As questões raciais sempre foram alvos de polêmicas e caminharam pelos corredores do IFCS, um antigo e belo casarão no Largo de São Francisco, no Centro do Rio de Janeiro. Foi dali, que em 2006, foi elaborado e encaminhado ao STF – Supremo Tribunal Federal -, um documento que se opunha às denominadas políticas de Ações Afirmativas e assinada por um grupo de professores que dentre outros argumentos justificavam que "os alunos negros não teriam condições intelectuais de acompanhar os alunos brancos". ou que "estaríamos criando uma Universidade bicolor com pretos e brancos se agredindo". Em protesto a esse documento também foi no IFCS, que saiu um segundo documento mais vigoroso e representativo onde a maioria dos professores defendia a implementação do Sistema de Ações Afirmativas que contemplava as políticas de cotas nas universidades brasileiras.

O episódio envolvendo o professor Wallace, apesar do ter ocorrido em 2021, no auge da pandemia, e com as pessoas isoladas, trouxe na comunidade acadêmica um pouco dessas lembranças da rejeição às políticas que pudessem diminuir as desigualdades. Tanto assim, que o ocorrido gerou vários protestos por parte de alunos e professores. Nas redes sociais - o novo território dos protestos - circularam várias manifestações, dentre deles, um abaixo assinado criado pelo Coletivo de Docentes Negras e Negros da UFRJ que solicitava que a universidade abrisse em caráter de urgência uma apuração interna para apurar situação de discriminação racial contra o professor Wallace dos Santos de Moraes. Em menos de uma semana, o documento contava com mais de 2 mil assinaturas.

. O documento questionava os pronunciamentos de alguns professores do Departamento de Filosofia, alguns deles responsáveis pelo afastamento do professor da banca. Eles discordavam que tenha ocorrido um ato de discriminação em relação ao professor que é único negro do Departamento. O documento era claro em seu questionamento: “ Por que o professor Wallace, com a qualificação exigida para tal, não foi incluído na composição dessa banca?
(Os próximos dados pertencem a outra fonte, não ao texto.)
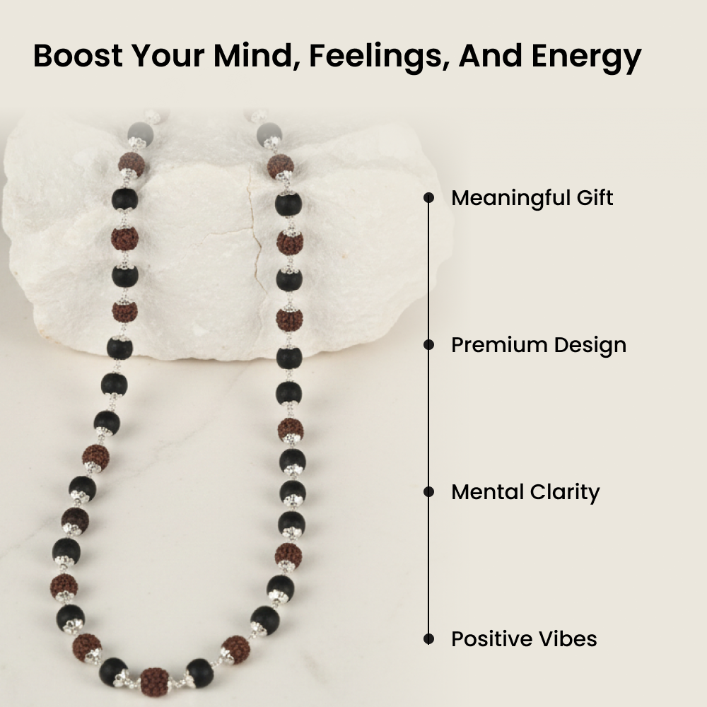 The Rudraksha & Karungali Mala is a powerful spiritual tool designed for meditation, focus, and positive energy. This aesthetic original Karungali & Rudraksha Mala (54 beads) is crafted with care to support spiritual growth and mental clarity. Ideal for daily prayers, meditation, or as a meaningful gift, it helps bring peace, balance, and inner strength to your life.

Uma nota assinada na ocasião pelos professores Josué Medeiros, coordenador da banca na ocasião, e também por Pedro Luiz Lima, Thais Aguiar, Daniela Mussi, Jorge Chaloub e Mayra Goulart, nega que tenha havido racismo, mas admitem a UFRJ como um todo, e, em particular o IFCS são atravessados por dinâmicas e relações de racismo estrutural'.

Diz a nota:

“Reafirmamos um compromisso com uma agenda institucional antirracista na UFRJ, no IFCS e no DCP. Agenda com a qual buscamos e buscaremos sempre colaborar. Entendemos, também, que a imputação de atos racistas individuais é uma acusação de outra ordem, de extrema gravidade para a vida da universidade e do nosso departamento. Os que estavam presentes na reunião consideram que a descrição dos eventos contida na petição (abaixo-assinado) não é minimamente condizente com a realidade dos fatos", diz a nota, que também pede que a UFRJ faça uma apuração interna sobre os fatos ocorridos na reunião”.

O Babalawô Ivanir dos Santos, professor e orientador no Programa de Pós-Graduação em História Comparada da UFRJ e Conselheiro CEAP - Centro de Articulações de Populações Marginalizadas - afirma que a discriminação contra Wallace de Moraes configura o que podemos denominar de 'Racismo à Brasileira':

- Precisamos compreender que uma das formas mais perversas do 'racismo à brasileira' em nossa sociedade é tentar infantilizar, desclassificar e desmoralizar a capacidade das pessoas negras nos espaço de poder. E não podemos deixar de pontuar que as universidade também são espaços de poder. E foi, por muito tempo, nesses espaços que nós, pessoas negras, fomos objetificados e classificados como seres inferiores. Ao entrarmos nesses espaços de poder, além de 'balançar' as estruturas hegemônicas que tentam nos condicionar ao fracasso, começamos a reescrever as nossas histórias a partir das nossas experiências e também a pautar as nossas lutas contra todas as formas de opressão – afirmou.